К ужину Эмма Итлинг испекла чудесный яблочный пирог, который ее сын Джи-Джи уплетал за обе щеки. Джиакомо Джулиус Итлинг, единственный мужчина в доме, носился целый день и был чумазым, лохматым и мокрым, как щенок, барахтающийся в луже. Джи-Джи, маленькая косточка в драконьем крыле, так торопился, что ронял на пол крошки - дань терпеливым мышам. Матери так и не удалось приучить этого дикого зверька к хорошим манерам.
Эмма, закутав ноги старым пледом, вышивала кружевные сорочки Иоланте. Она вздохнула, увидев, что дочка, как всегда, не притронулась к ужину.

Иоланта Итлинг была слишком хрупкой вещью для тяжелых лап земледельцев. Все говорили, что она прелестна, как весенний цветок. Но ее считали чокнутой. Соседки смеялись над ее тонкими сорочками. Их старшие сыновья, обиженные равнодушием девушки, распускали о ней злые сплетни. Мол, Иоланта, встречается с ужасными болотными духами. Вот поэтому ей и не нравятся нормальные парни.

Иоланта каждый день мыла голову в ручье и не отвечала, когда с ней заговаривали, не бегла на деревенские танцы и не болтала с другими девушками. И поэтому дочку черноглазой Эммы, которая выбивалась из сил, пытаясь держать в порядке ферму, дом и детей, не любили. Однако соседи частенько обращались к ней за помощью - у Иоланты была легкая рука. И если она гладила мучающуюся козу - та приносила красивого, резвого козленка, и он не болел.

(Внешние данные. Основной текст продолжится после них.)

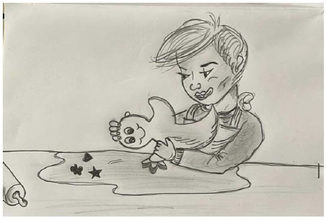 Moritz band sich eine bunte Schürze um und mir ein buntes Tuch. „Das brauchen wir, um nicht das ganze Mehl an der Kleidung zu haben.“ Die Mama hatte den Teig und ein Brett auf einen kleinen Tisch gestellt und einige Ausstechformen dazugelegt. Jetzt nahm Moritz ein rundes Holz und rollte es kreuz und quer über ein Stück Teig. „Jetzt nehmen wir eine Ausstechform und stechen Plätzchen aus.

Когда коза благополучно разрешалась от бремени, Иоланта, не слушая слов благодарности, уходила так же тихо, как и приходила. А фермеры, которые были добрыми людьми, относили Эмме Итлинг мед, лепешки и хлопок.

Все, к чему прикасалась и за чем ухаживала Иоланта, обильно цвело и плодоносило. Вот только две руки ее матери не успевали собирать самые большие и сладкие в округе яблоки, вычесывать и доить коз, которые давали самую мягкую и теплую шерсть и самое жирное и вкусное молоко.   

Однажды Иоланта Итлинг нашла на белом дне ручья маленькую пластинку с непонятными значками. На серебристой пластинке было нацарапано лицо женщины, колеблемой плачем или песней. Чем больше Иоланта смотрела на него, тем отчетливей в ее сознании проступали слова этой песни. Забытые, как старый дом, в котором Иоланта когда-то жила и была счастлива. Эти слова появлялись, как дождевые капли на стекле. И стекали вниз, оставляя только тень тревоги. Странная пластинка стала талисманом Иоланты. Она не расставалась с ней никогда, все время пытаясь расшифровать мучавшие ее значки-слова.

Как-то Джи-Джи, решив подразнить сестру, вырвал у нее пластинку. Закусив губу, он прочитал: "Тэрэл лирту тинкэ лиртэ та ю..." Но потеряв к "игрушке" Иоланты интерес, стал выпрашивать у Эммы парочку горячих оладьев с кленовым сиропом.

Он прочитал не все, но Иоланта уже вспомнила слова, которые Старшая шептала ей на ухо:"Ты будешь вечно возвращаться, но встретимся ли мы, сестра?" И Иоланта узнала это отчаяние - глубокое и старое, как засохший колодец. Она была так беспомощна и одинока и не могла вернуться и найти Сестру.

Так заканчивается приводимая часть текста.